— Given records —
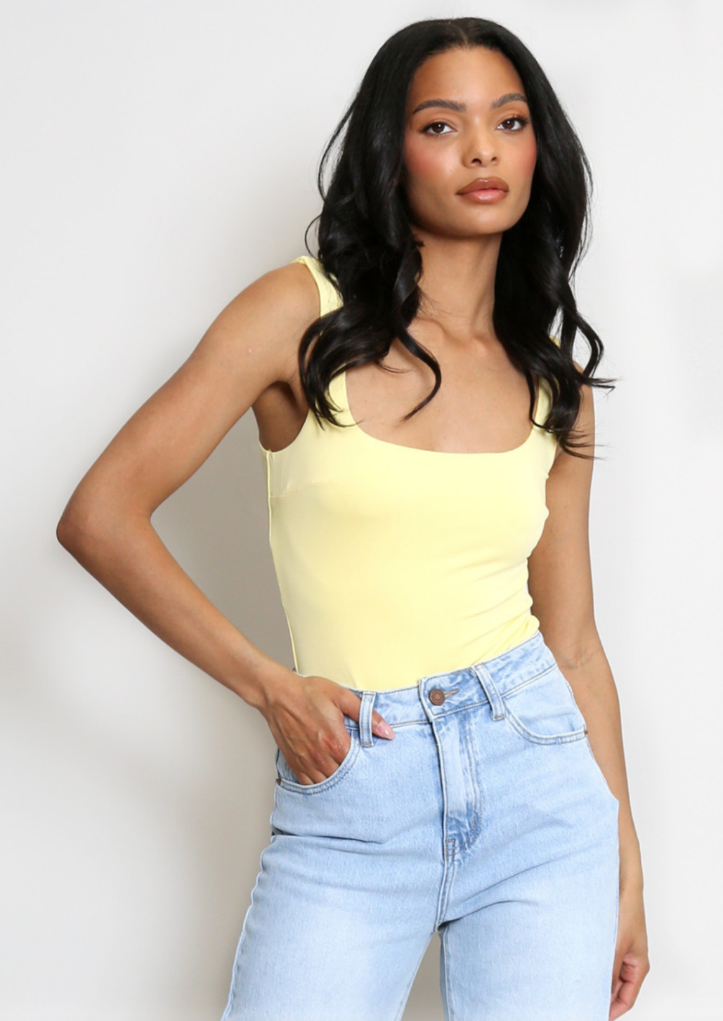Yellow Square Neck Bodysuit
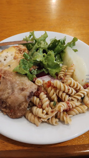 Durante o almoço tem serviço de buffet livre com um preço bem em conta.
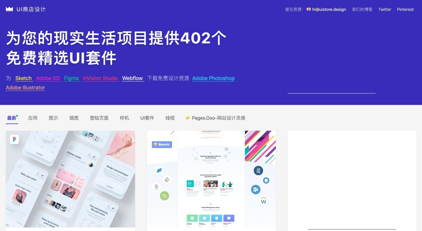 UI Store Design是一个拥有386个精心挑选的免费UI工具包资源,从图标、插画、网页、样机、UI套件、线框应有尽有,而且质量超高!
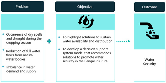 Another study conducted in 2015 [7] on the total available water in Bengaluru rural district, in collaboration with the Central Ground Water Board (CGWB), estimated the total available water from groundwater and surface water sources to be 0.3026 billion cubic meters (BCM). Available groundwater was estimated to be 0.1939 BCM, which accounted for 64.1% of the total available water, and surface water was estimated to be 0.1087 BCM, which accounted for 35.9% of the total available water. However, the total available water of 0.3026 BCM was less than the total water demand of 0.54717 BCM, resulting in a water shortage of 0.244 BCM, which was fulfilled mainly by the transport of water over long distances. The projected total water demand and available water during the year 2020 were estimated to be 0.6381 and 0.3026, respectively, resulting in a water shortage of 0.33548 BCM [7]. This lack of parity between the availability and demand points to the need to save and harvest water to decrease the demand on the one hand, and increase the availability on the other hand. This principle forms the basic premise of the decision support system for water security (DSS-WS) proposed in this paper.
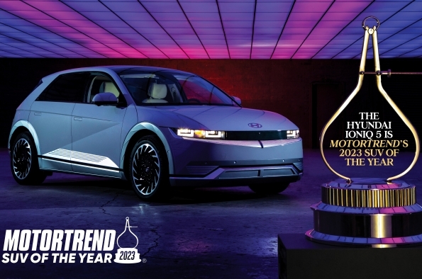 MotorTrend Names Hyundai IONIQ 5 2023 SUV of the Year October 20 2022 LOS ANGELES, Oct. 20, 2022 – MotorTrend announced today that the Hyundai IONIQ 5 is the winner of its “Golden Calipers” for SUV of the Year. : 0 : 5 : 2 Read more
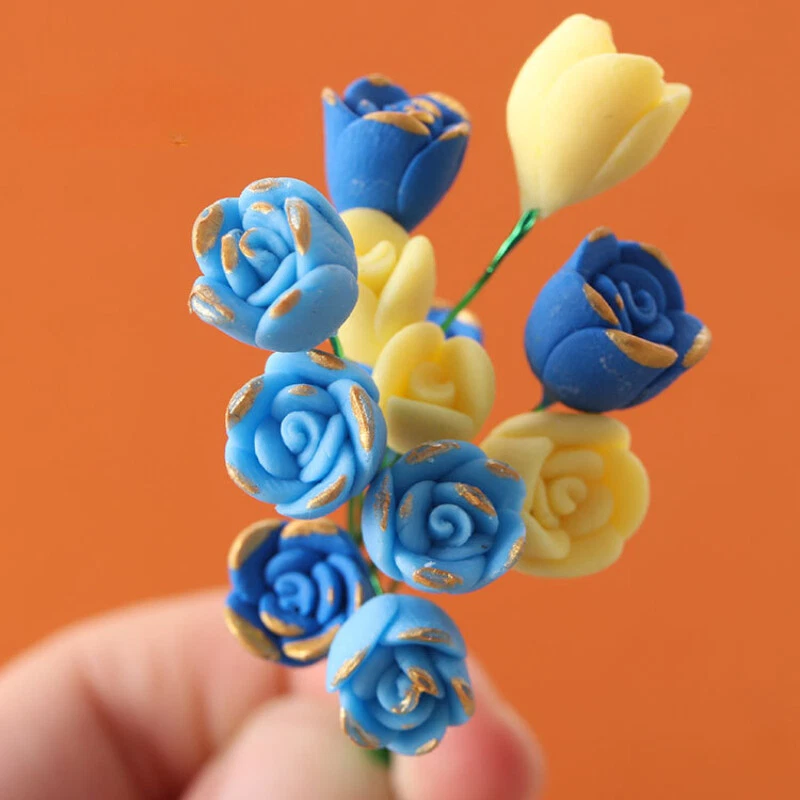 Description - Material: Clay+Metal - Size(L*W*H): flower head size 1.0CM (0.39 inch) - The package includes: 10PC*Flowers Does not include other decorations

— Work order —
Restate the data above word for word. Skip every picture.

— Task solution —
Yellow Square Neck Bodysuit
 Durante o almoço tem serviço de buffet livre com um preço bem em conta.
 UI Store Design是一个拥有386个精心挑选的免费UI工具包资源,从图标、插画、网页、样机、UI套件、线框应有尽有,而且质量超高!
 Another study conducted in 2015 [7] on the total available water in Bengaluru rural district, in collaboration with the Central Ground Water Board (CGWB), estimated the total available water from groundwater and surface water sources to be 0.3026 billion cubic meters (BCM). Available groundwater was estimated to be 0.1939 BCM, which accounted for 64.1% of the total available water, and surface water was estimated to be 0.1087 BCM, which accounted for 35.9% of the total available water. However, the total available water of 0.3026 BCM was less than the total water demand of 0.54717 BCM, resulting in a water shortage of 0.244 BCM, which was fulfilled mainly by the transport of water over long distances. The projected total water demand and available water during the year 2020 were estimated to be 0.6381 and 0.3026, respectively, resulting in a water shortage of 0.33548 BCM [7]. This lack of parity between the availability and demand points to the need to save and harvest water to decrease the demand on the one hand, and increase the availability on the other hand. This principle forms the basic premise of the decision support system for water security (DSS-WS) proposed in this paper.
 MotorTrend Names Hyundai IONIQ 5 2023 SUV of the Year October 20 2022 LOS ANGELES, Oct. 20, 2022 – MotorTrend announced today that the Hyundai IONIQ 5 is the winner of its “Golden Calipers” for SUV of the Year. : 0 : 5 : 2 Read more
 Description - Material: Clay+Metal - Size(L*W*H): flower head size 1.0CM (0.39 inch) - The package includes: 10PC*Flowers Does not include other decorations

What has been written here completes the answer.